Example A.2. Fix some distinction between those 100-bit sequences that are random-looking (= anyone would reasonably suspect them of being generated by a fair coin) and others. Consider the theory of chance that only assigns laws of chance to computable sequences, assigning any sequence whose first 100 bits are random-looking and which is afterwards all 0’s the law of chance $\nu _{.5}^\dagger $ that says that the first 100 bits are sampled from the fair coin measure and the rest are all 0’s; and assigning any other computable sequence S the law of chance $\delta _S.$ Note that $\nu _{.5}^\dagger $ considers each sequence that is all 0’s after the first hundred bits to be equally likely. So it is just the equal-weighted mixture of the delta-function measures concentrated on those sequences (and it is an improper law of chance since, for instance, the all 0’s sequence is not included in its chance hypothesis). It follows that if S is computable then $\lambda =L(S)$ can be written in the form $\lambda = \nu + c\cdot \delta _S$ for some $c>0$ and some (possibly trivial) measure $\nu .$ It then follows that $\bar {\lambda }(\cdot ):=\lambda ( \cdot \, | \, L^{-1}(\lambda ))$ can also be written as a sum in which $\delta _S$ appears with non-zero weight. From this it follows that if $\mu $ satisfies the New Principle for $L,$ then $\mu $ can be written as a sum in which each computable delta-function appears with non-zero weight.
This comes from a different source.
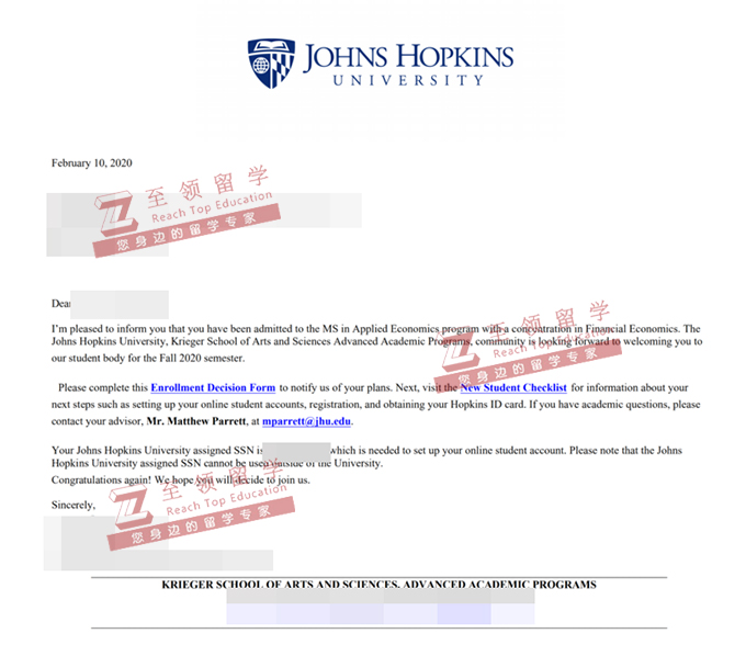录取结果:JHU,MS in Applied Economics with a conmuniration in Financial Econonmics约翰霍普金斯大学金融经济学硕士录取

So $\mu $ cannot be computable.

Remark A.3 (An alternative to the New Principle).

A Chance–Credence constraint suggested by Roberts and by Ismael has been widely discussed as an alternative to the New Principle.Footnote ⁷⁶ Specialized to our setting, the Roberts–Ismael constraint says that, relative to a theory of chance $L,$ a rational prior $\mu $ should satisfy $\mu (A) = \sum \mu (\Lambda _k) \lambda _k(A),$ where $\lambda _1$ , $\lambda _2,$ … are the chance laws of $L,$ each $\Lambda _k = L^{-1}(\lambda _k),$ and we do not assume that the $\lambda _k$ are proper. Applied to the theory of Example 2.10, this proposal is implausibly restrictive, requiring that a rational prior must put probability one on one of the theory’s two laws of chance.

Appendix B I am not a zero

CCP embodies a straightforward way of understanding the idea that credence should defer to chance: for a given theory of chance, it requires of priors that when conditionalized on the set of worlds corresponding to a law of chance of that theory they give the same probability to each event that the law of chance itself does. The discussion in the main body of this paper took for granted that the conditional probability of A given B is the ratio of two real numbers, the probability of $A \& B$ and the probability of $B,$ and so is undefined when the probability of B is zero. This led to Proposition 3.4—and from there, along the path that led us to consider CCCP, M-CCP, and the rest. Many readers will want off the boat as soon as CCP appears—either because they think it is too intolerant of null sets (see the discussion of CCP $^*$ in Section 5) or because they prefer some more sophisticated approach to handling conditional probabilities.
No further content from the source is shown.